For years, the 3R Collective has been asking to access the incinerator’s raw data, to track, in real time, the dioxin emissions from the incinerator’s chimneys. On February 25th, Syctom partially answered their request, by sending more than 2,000 pages of files to their offices. These documents, which contain monthly averages of dioxin emissions previously unavailable to the public, were accessed by Sciences Po’s Journalism School (EDJ), and reveal inconsistencies in the management of the Ivry plant, in at least two instances.

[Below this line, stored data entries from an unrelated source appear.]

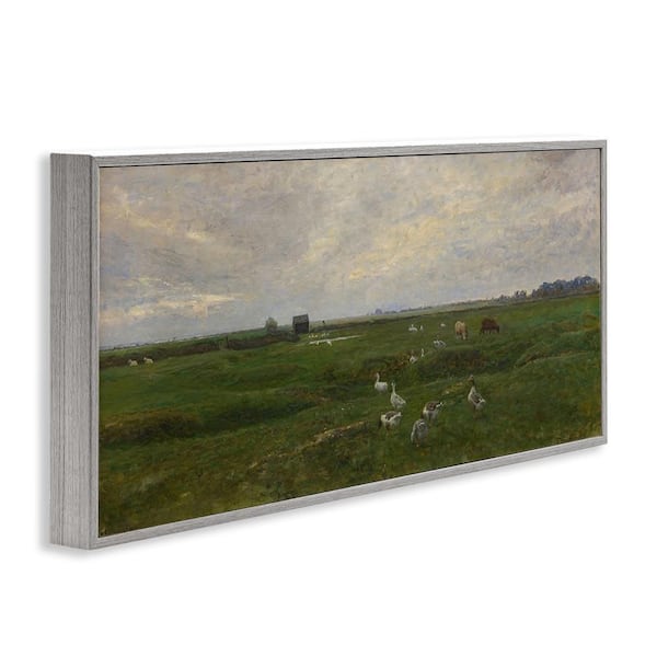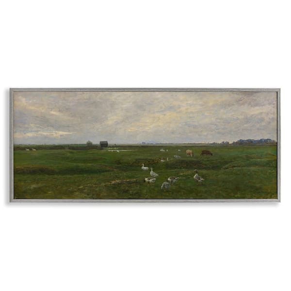 Grazing Ducks & Horses by Grace Popp Gray Framed Nature Giclee Art Print 13 in. x 30 in.
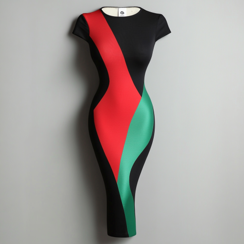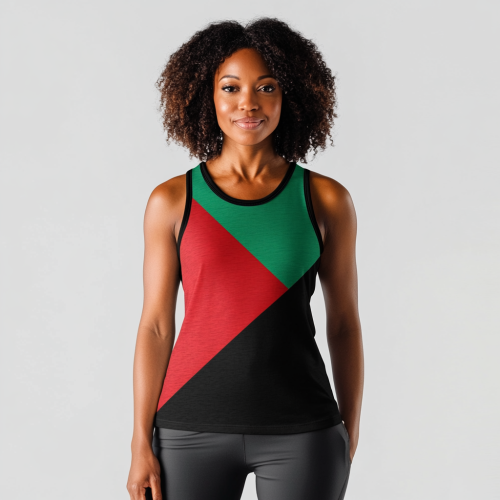 Design a women's sleeveless t-shirt (tank top) fully covered by the flag design provided, displayed on a black woman with a sleek, athletic build. The tank top should feature a large red triangle on the left, with the top half in green and the bottom half in black, exactly matching the flag's layout. The design should wrap seamlessly around the entire garment, with clean edges around the armholes and neckline to complement her silhouette. The vibrant red, green, and black colors should stand out boldly against her skin tone, creating a striking, modern, and fashionable look.
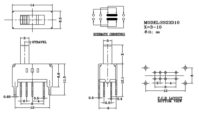 微型撥動開關技術參數:

First, in July 2020, independent measurements carried out by the French company Apave, specialized in risk assessment, discovered during a 6-hours test that the levels of dioxins emitted by the incinerator were above the legal limit. In 2010, the European Parliament had passed a bill introducing limitations for dioxin emissions in the air, which were capped at 0.1 nanograms per cubic meter of air. But that day, dioxin levels measured in one of the incinerator’s chimneys stood at 0.182 nanograms – almost twice the legal limit. Although the incident is mentioned in Suez’s 2020 yearly report, in an annex, it does not specify what the company did to solve the issue.

Second, in September 2020, the incinerator was stopped after two blackouts occurred within a few days – first at one of the ovens on 1 September, then at both ovens on September 5th. After the first blackout, Syctom commissioned an outside study to measure the incinerator’s emissions upon restart – as part of the two to three controls conducted every year by Syctom when the incinerators re-start after being stopped. A team from the Belgian group Bureau Veritas, specialised in inspection and certification, oversaw the study. All measurements stood below the legal limit. The report does not flag “any outstanding event”, noting that “the operating conditions of the plant were stable for the duration of the tests.”
According to Connan, it is during these interruptions and re-start phases that large quantities of dioxins can be released into the air in one go, because the temperature inside the chimneys is not high enough to eliminate them.
When the incinerator faced another blackout four days later, the documents do not indicate that an outside study was performed to measure the incinerator’s emissions after it restarted – which is not required by French law.
These two developments come as France is being scrutinized over air quality: the country is currently facing trial against the European Union for failing to abide by legal standards on air quality – particularly in the Paris area.
For Berthod, one thing is certain: from now on, she will no longer consume her hens’ eggs. “We’re going to let the hens we have be, and live out their lives. But I won’t be unhappy the day they’re not around anymore”, Berthod said. In the meantime, Quesemand, her partner, is storing their polluted eggs in their garage. He’s planning to use them in what he calls an “artistico-political” gesture: throwing them back at the incinerator, in an ironic return to their sender.